Convenience Store Woman

CONVENIENCE STORE WOMAN

by Sayaka Murata

 

Nomination: Dublin Longlist 2020

 

Date Read: April 24, 2022

 

Keiko Furukura is different. She is what some might call “on the spectrum” and has a hard time knowing how to act as a human being. She has become adept at copying others’ mannerisms, forms of speech and clothing. Particularly in Japan, where uniformity and conformity are highly valued, nothing represents this better than the convenience store worker.

 

The convenience store is where Furukura finds her home. Everything is dictated to her – from the uniform, to the way to greet customers, to a schedule that offers no surprises.

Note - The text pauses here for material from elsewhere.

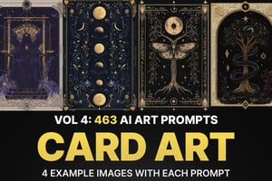 Transform your creative workflow with 463 unique AI art prompts specifically crafted for stunning card designs.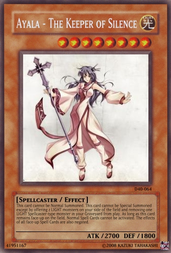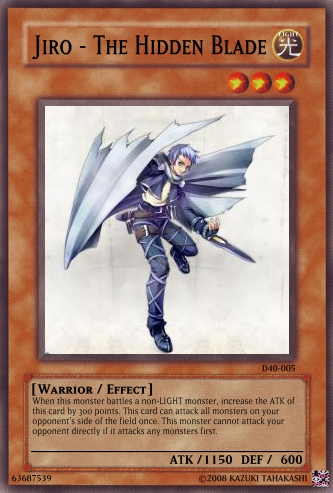 These are cards I made while referencing some existing card effects to ensure maximum realism(some I had to make up though,obviously). I got the pics that I used while browsing the wallpapers of a certain MMMORPG and thought that they'd make for some nice Yu-Gi-Oh! trading card game cards. There's also a random Legend of Zelda reference in there too. Tell me what you think!

The store is where she feels safe and valued.

 

All of this is turned on its head one day when the store hires Shiraha, a man that loathes a schedule, a job, and believes convenience store workers are losers even though he has become one. Shiraha proves to be lazy, tardy and a general slacker and is fired after only a few days. Furukura is glad to see him go.

 

One night as she is making her way home, she runs into Furukura and he explains to her how he is now homeless, harassed by “society” to get married and produce offspring and most repugnant: to get a job. Furukura offers to let him move in with her and after some consideration, he accepts. In not too long a time, he has decided that she can have the privilege of supporting him while he hides out in her apartment. He also determines that she will need a better job with which to support him.

 

After 18 years at the Happy Mart, Furukura submits her resignation and she becomes untethered. Although she is spending some of her days filling out applications and sending out resumes, she doesn’t know what time to wake up. She is eating poorly. She forgets what day it is. Her sense of purpose and identity has been stripped from her completely. Furukura comes to the realization that she is a Convenience Store Woman, regardless of what others expect her to become. 

 

I enjoyed this novella for a glimpse into the inner workings of the convenience store which are ubiquitous to Japan. When I lived in Tokyo, there was hardly a day that passed that I didn’t enter one whether to pay a utility bill, buy a snack or procure cold water on a sweltering day. Murata has written an indictment on the role of women in society, the narrow slots all people are shoved into and how those who are perceived as “different” instill fear and an urge to shepherd people onto the “correct” path. All in 163 pages.